Though I don't know the specific project, I can tell you that it is common for projects to reject contributions under licenses that cannot be subsumed by the project's main license.

For example, if a project under the Apache License 2.0 were to accept a contribution of CC-BY-SA code, the complete product could no longer be available under the Apache License (and other licenses with similar terms) -- causing problems for downstream consumers.

Thank you. But it seems not finished? I am trying to implement some basic data structures and algorithms in Rust, but the compiler nearly kills me. Is there any data structure & algorithms implementation tutorials for Rust newbies, like Learning_ Rust_With_Entirely_Too_Many_Linked_Lists[1]?


Data structures and algorithms are possibly the hardest part of Rust to dive into unless you have a really good reason. The best advice for newbies is to learn with other stuff and use existing algorithms. Of course, if you are trying to implement stuff for a class or something similar then you might be out of luck, and might consider trying the Rust IRC and such to work through the errors as they come up.

I made this cookbook specifically to show it doesn't have to be so hard. While designing an industrial-strength data structure library is an advanced skill, there are easier ways to implement the core ideas that should suffice for contest and coursework purposes. Very few people have to build actual libraries.

> Data structures and algorithms are possibly the hardest part of Rust to dive into

What else is there?

I think it was too much for the. to say "Data structures AND algorithms". It is mostly data structures that can be difficult.

Agreed. It's very unnatural to represent data structures with circular references, or pointers in general. I had to re-think how I approach certain problems to make it more Rust-friendly.

CRUD webapps. It can get venture funding too if one can design a login page.

So what is the point of a language in which things are hard to implement?

Algorithms and data structures are inherently hard to implement correctly and safely given low-overhead, bare-metal designs.

Rust tries to guarantee that you've implemented things correctly and safely, and therefore makes all the formal verification of such into a requirement.

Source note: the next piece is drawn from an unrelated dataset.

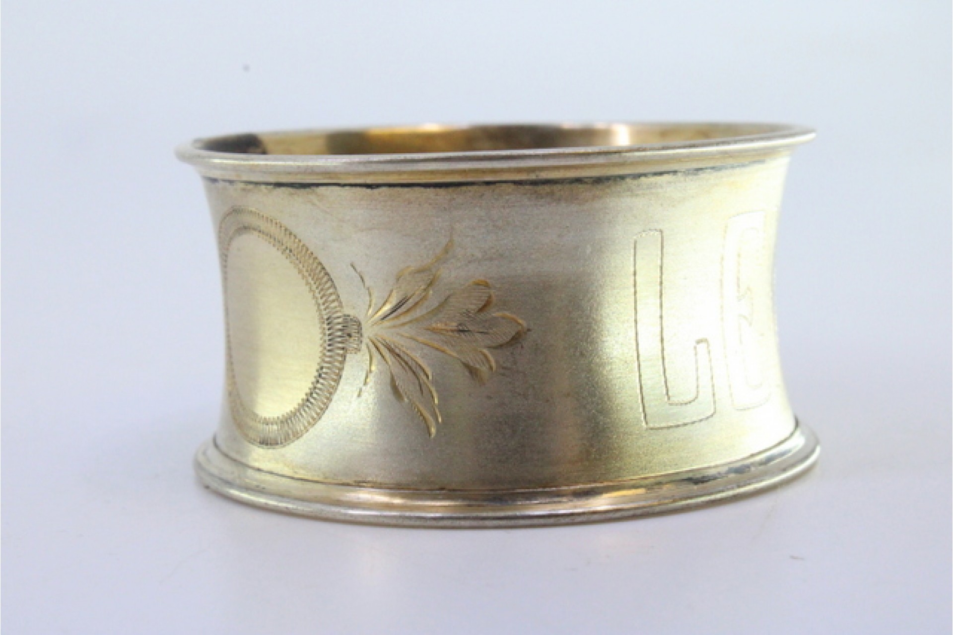 Etiquetas: Argola Guardanapo, Prata, Relevos, Monograma, Lembrança

Other low-overhead-bare-metal languages, meanwhile, trust you to have done the formal verification yourself using non-compiler-toolchain tools like linters and static analyzers.

The people who use these other languages who do ensure correctness+safety, will have done all the same work they do in Rust—just using third-party tools instead.

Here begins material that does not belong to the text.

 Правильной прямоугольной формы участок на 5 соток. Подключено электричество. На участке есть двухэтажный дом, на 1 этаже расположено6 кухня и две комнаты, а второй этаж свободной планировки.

The people who use these other languages but who do not ensure correctness+safety, might seem to have an "easier time", but they will almost always end up with algorithms/data structures that—while seeming to work in most cases—have fatal flaws or vulnerabilities.

To use Rust is simply to sign up for "doing the work" of formally verifying your code up-front, rather than brushing it off as something to think about in some vague, undefined "later."

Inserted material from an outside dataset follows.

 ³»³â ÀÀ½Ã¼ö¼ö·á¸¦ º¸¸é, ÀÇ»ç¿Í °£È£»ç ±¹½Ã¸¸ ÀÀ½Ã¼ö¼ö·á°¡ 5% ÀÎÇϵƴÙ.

It's not any harder to correctly implement a data structure, even an "advanced" one, in Rust-with-unsafe than it is in C++-with-exceptions. I don't know where this meme comes from.

I don't think this claim is completely unfounded from perspective of people coming to Rust from other languages. Consider for example:

* Poor ergonomics of raw pointers. Lack of arrow syntax, verbose pointer arithmetic (at least now there is an experimental offset_to).

* Once you have pointers in data structures, properly specifying lifetimes is now your job. Compiler is no longer your friend, but an whisperer of evil (Compiler: Of course it safe. It has 'static lifetime, it must be safe. How do I know, you ask? I saw you dereferencing a pointer).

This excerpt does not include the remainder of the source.